Why Python is important in big data and analytics?

Python is very popular for big data processing due to its simple usage and wide set of data processing libraries. It is also preferred for making scalable applications. The other important side of python is its ability to integrate with web applications. All the above features provide support for big data processing and generating quick insights. This quick and dynamic insight (which changes very frequently) is valuable to the organizations. So they want some powerful language/platform/tools to get this value instantly and remain competitive in the market. Python plays an important role here and supports the need of the business.

How to download, install and setup Python?

In most of the Linux distribution, python comes as a default installed package. So in those scenarios, users do not need to install it separately. For Windows, the installer can be downloaded from the link below and then install as per instruction. Just remember to check ‘Add Python.exe to path‘ so that it is automatically added in the path.

Following is the download link:

https://www.python.org/downloads/

Image 1: Showing ‘Add Python.exe to path’ as checked

After installation is complete, type ‘python’ in the command prompt as shown below. It will display details about installation, version etc. It also ensures that your python installation is successful.

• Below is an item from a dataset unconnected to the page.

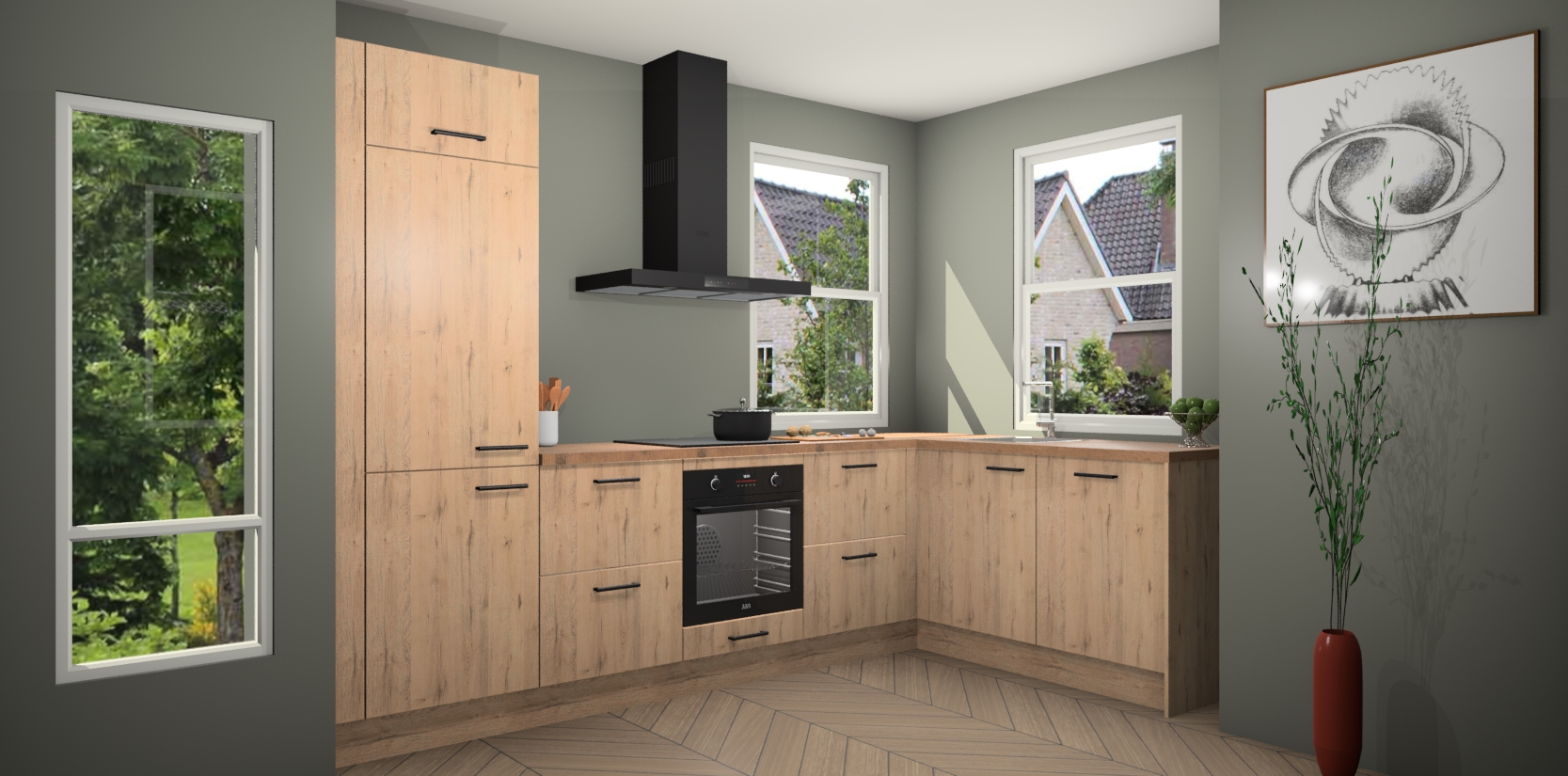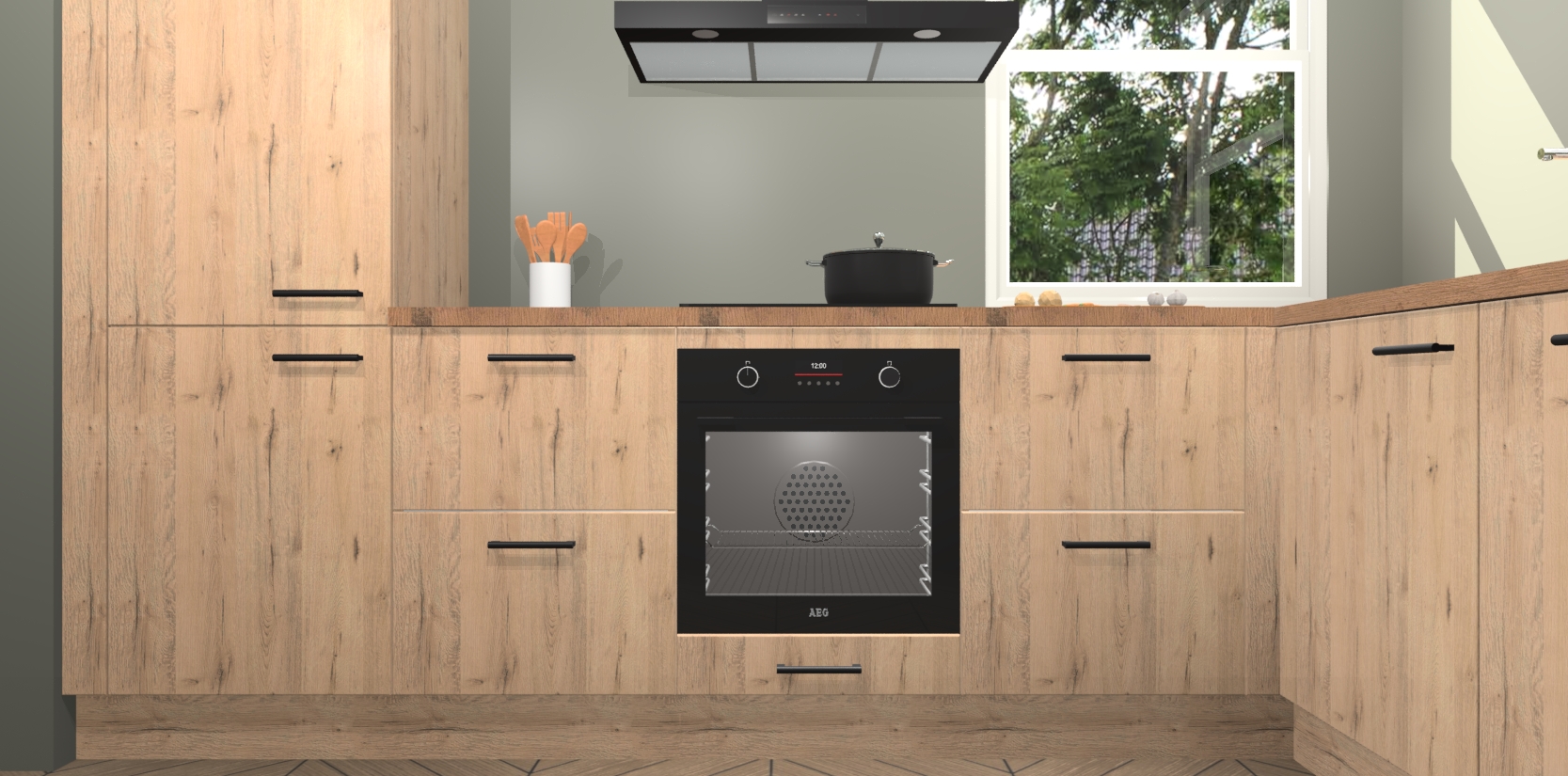 Wat maakt deze keuken zo bijzonder? Ten eerste geeft het houten werkblad uw ruimte een onmiskenbaar klassieke uitstraling. De natuurlijke afwerking roept warmte en elegantie op die nooit uit de mode zullen raken. Bovendien is het gemakkelijk schoon te houden en te onderhouden, zodat je er jarenlang plezier van kunt hebben. Als u op zoek bent naar extra gemak in uw keuken, dan heeft u bij het plaatsen van een bestelling bij ons ook de optie om uw toestellen te upgraden naar AEG-modellen - zo haalt u moderne innovatie van topmerken in apparatentechnologie rechtstreeks in huis.

Image 2: Showing python command prompt

Now to start writing a python program developers need to install a good text editor. So notepad++ or any other good editor can be installed.

How to run python applications? Python can be used in two ways as shown below.

Type python commands from command prompt
Write python code in script file (.py)

In our example we will be using script file to run the application.

How to process unstructured data by using python?

We have already discussed that python is one of the favourite languages for big data processing. Big data comes from different sources, and one of the most important sources is social media like face book, twitter etc. Big data covers different types of data like unstructured, semi-structured or any other form. But the most important part it to process it and make it useful.

In our sample application we will check how twitter data (which is a big data) can be processed by using python.

Before we jump into the code, following steps needs to be performed

Create an app by going to twitter development link (https://apps.twitter.com/). This will provide you app key, app secret, qauth_token and qauth_token_secret. All these will be required in your application to access the twitter data.
Install Twython and simplejson. The first one is a python wrapper around Twitter API and the 2nd one is used for parsing json data.

Once this basic set up is complete, we are ready to go to check the code.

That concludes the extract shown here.